Approximately 30% of the patients in this study dropped out due to insufficient IOP reduction or adverse events. Although five patients (12.8%) could not continue therapy with ripasudil, the adverse events were not severe. Thus, ripasudil appears to be safe even when used with maximum medical therapy.

Steven et al. reported that the persistence rates of a prostaglandin analog were from 58% to 68% at 12 months. A study by Kashiwagi et al. reported that the persistence rate of latanoprost monotherapy was approximately 60.8% at 12 months [17]. The patient’s persistence with medication use was associated with younger age, the number of medications, and the hospital size [18]. A study by Nordstrom et al. reported that nearly half of the studied glaucoma patients discontinued all topical ocular hypotensive therapy within 6 months [19]. Our study demonstrated longer continuance than other reports, which indicates that even adjunctive therapy with ripasudil may have good adherence and safety.

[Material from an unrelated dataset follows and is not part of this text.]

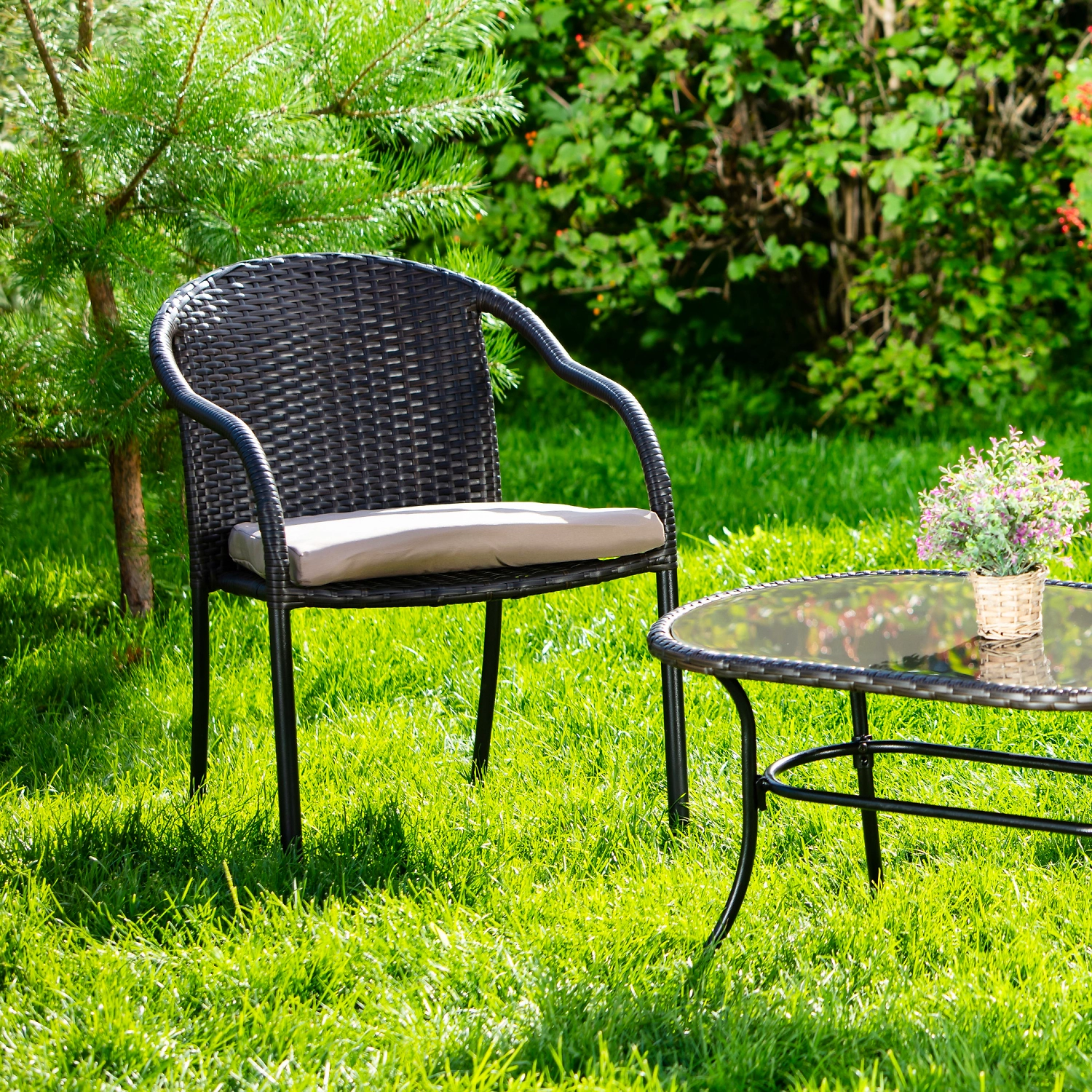 Мебель из искусственного ротанга прекрасно вписывается в дизайн приусадебного участка, помогает обустроить зону отдыха на даче и с комфортом проводить время на свежем воздухе.

We attempted to determine the IOP-lowering effect and safety of ripasudil in patients already receiving maximum medical therapy. While the duration of our previous study was short, this study examined the one-year efficacy of IOP decrease and tolerability. However, one limitation was that this was a small case study that was not randomized. This limited the results, and a study including more patients cases is needed. The effect of ripasudil is unknown in other subtypes of glaucoma such as exfoliation glaucoma, secondary glaucoma, and steroid-related glaucoma. Thus, further evaluation of the IOP-lowering effects of ripasudil therapy is necessary.

In conclusion, a one-year treatment with ripasudil in patients already on maximum medical therapy might significantly decrease IOP and may help reduce glaucoma surgery, at least for one year. Although the adverse side effects of blepharitis and conjunctive hyperemia were observed, the drug was otherwise well tolerated.